BPE starts with individual characters and iteratively merges the most frequent adjacent pairs. The merge rules, learned during training, define how text is split. Used by GPT-2, GPT-3/4, RoBERTa, and LLaMA.

Constructor: Brot.bpe. Trainer: Brot.train_bpe.

Key parameters:

  • vocab_size — target vocabulary size (default: 30000)
  • min_frequency — minimum pair frequency for merging (default: 0)
  • dropout — probability of skipping merges for data augmentation
  • byte_fallback — use <0x00> byte tokens instead of unknown token
  • continuing_subword_prefix — prefix for non-initial subwords
  • end_of_word_suffix — suffix marking word boundaries (e.g., </w>)
open Brot

let tokenizer =
  bpe
    ~vocab:
      [ ("h", 0); ("e", 1); ("l", 2); ("o", 3); (" ", 4); ("w", 5);
        ("r", 6); ("d", 7); ("he", 8); ("ll", 9); ("llo", 10);
        ("hello", 11); ("wo", 12); ("rl", 13); ("rld", 14); ("world", 15) ]
    ~merges:
      [ ("h", "e"); ("l", "l"); ("ll", "o"); ("he", "llo");
        ("w", "o"); ("r", "l"); ("rl", "d"); ("wo", "rld") ]
    ()

let enc = encode tokenizer "hello world"
let tokens = Encoding.tokens enc (* [| "hello"; " "; "world" |] *)

Training BPE:

open Brot

let tokenizer =
  train_bpe ~vocab_size:80 ~min_frequency:1 ~show_progress:false
    (`Seq (List.to_seq
       [ "The quick brown fox jumps over the lazy dog";
         "The dog barked at the brown fox";
         "Quick brown foxes are rare and beautiful" ]))

let size = vocab_size tokenizer
let enc = encode tokenizer "The brown fox"

WordPiece

WordPiece uses a greedy longest-match-first algorithm.
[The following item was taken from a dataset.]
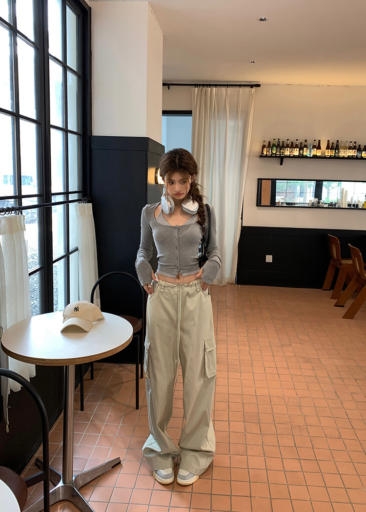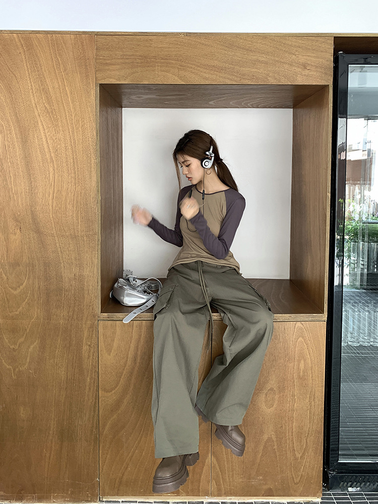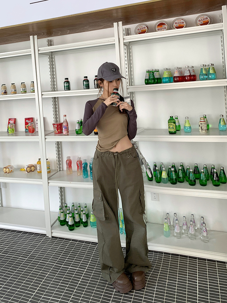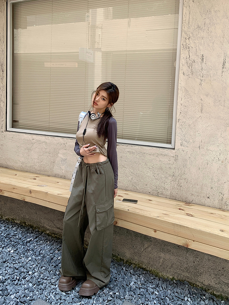 JMA-382 实拍2023秋装新款美式工装裤女复古休闲百搭高腰阔腿裤直筒宽松裤

For each word, it finds the longest prefix in the vocabulary, then continues with the remainder prefixed by a continuation marker (default: ##). Used by BERT, DistilBERT, and Electra.

Constructor: Brot.wordpiece. Trainer: Brot.train_wordpiece.

Key parameters:

  • vocab_size — target vocabulary size (default: 30000)
  • continuing_subword_prefix — prefix for non-initial subwords (default: ##)
  • max_input_chars_per_word — words longer than this become unknown (default: 100)
open Brot

let tokenizer =
  wordpiece
    ~vocab:
      [ ("[UNK]", 0); ("the", 1); ("cat", 2); ("play", 3);
        ("##ing", 4); ("##ed", 5); ("##s", 6); ("un", 7);
        ("##happy", 8); ("##ly", 9) ]
    ~pre:(Pre_tokenizer.whitespace ())
    ~decoder:(Decoder.wordpiece ())
    ~unk_token:"[UNK]" ()

let enc = encode tokenizer "the cat playing unhappily"
let tokens = Encoding.tokens enc
(* [| "the"; "cat"; "play"; "##ing"; "un"; "##happy"; "##ly" |] *)
let decoded = decode tokenizer (Encoding.ids enc)
(* "the cat playing unhappily" *)

Training WordPiece:

open Brot

let tokenizer =
  train_wordpiece ~vocab_size:80 ~show_progress:false
    (`Seq (List.to_seq
       [ "The quick brown fox jumps over the lazy dog";
         "The dog barked at the brown fox";
         "Quick brown foxes are rare and beautiful" ]))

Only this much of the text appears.